Work item
The listing below should be reproduced exactly, with the pictures omitted.

═══ Data excerpt

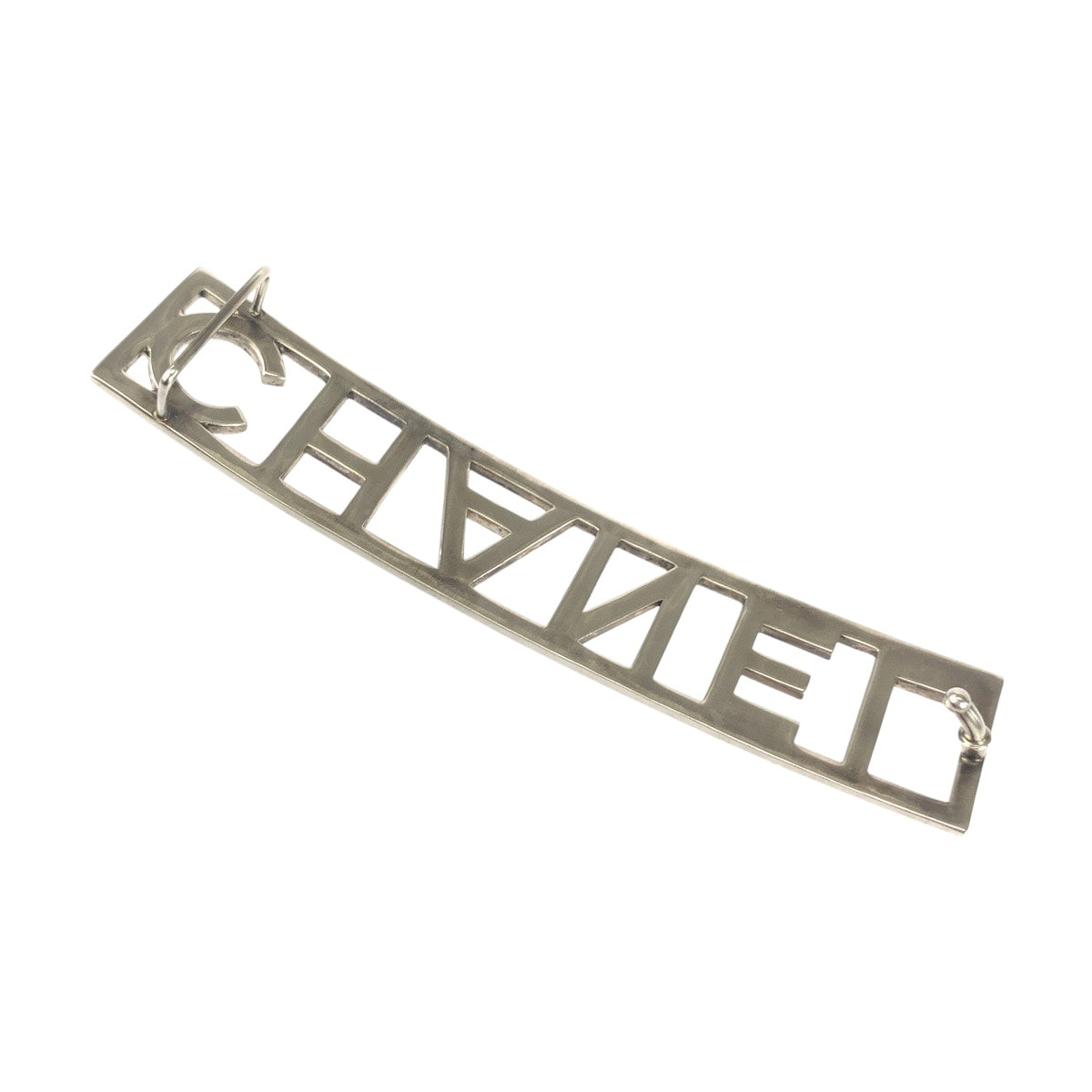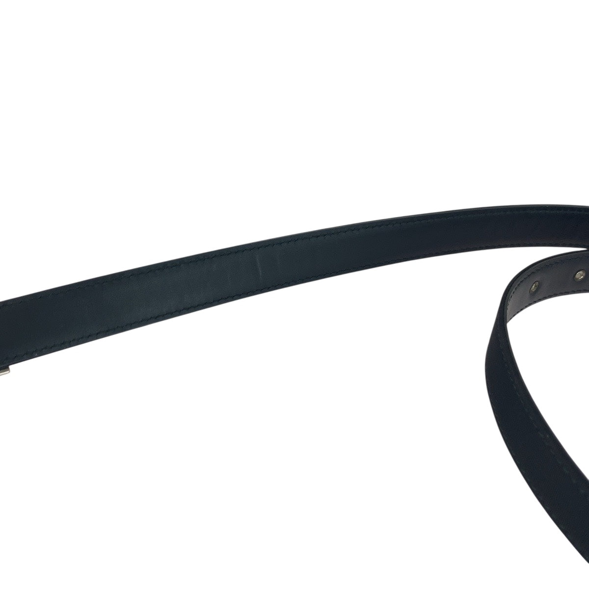 20087 CHANEL シャネル ロゴ ラインストーン 85cm/34inc ブラック シルバー金具 レザー ベルト B15 S刻印 レディース A84
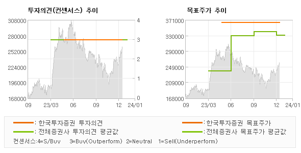 한국투자증권의 동종목에 대한 최근 9개월 동안의 투자의견은 전체적으로 큰 변화없이 유지되고 있다. 목표주가는 2022년12월 230,000원이 저점으로 제시된 이후 이번에 발표된 365,000원까지 꾸준하게 상향조정되어 왔다.
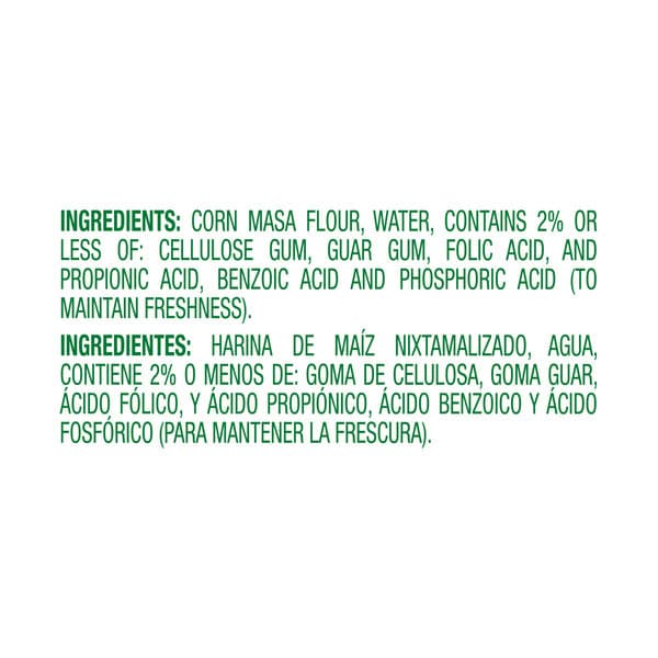 Corn Masa Flour, Water, Contains 2% Or Less Of: Cellulose Gum, Guar Gum, And Propionic Acid, Benzoic Acid And Phosphoric Acid (to Maintain Freshness)

══════

Task solution
 20087 CHANEL シャネル ロゴ ラインストーン 85cm/34inc ブラック シルバー金具 レザー ベルト B15 S刻印 レディース A84
 한국투자증권의 동종목에 대한 최근 9개월 동안의 투자의견은 전체적으로 큰 변화없이 유지되고 있다. 목표주가는 2022년12월 230,000원이 저점으로 제시된 이후 이번에 발표된 365,000원까지 꾸준하게 상향조정되어 왔다.
 Corn Masa Flour, Water, Contains 2% Or Less Of: Cellulose Gum, Guar Gum, And Propionic Acid, Benzoic Acid And Phosphoric Acid (to Maintain Freshness)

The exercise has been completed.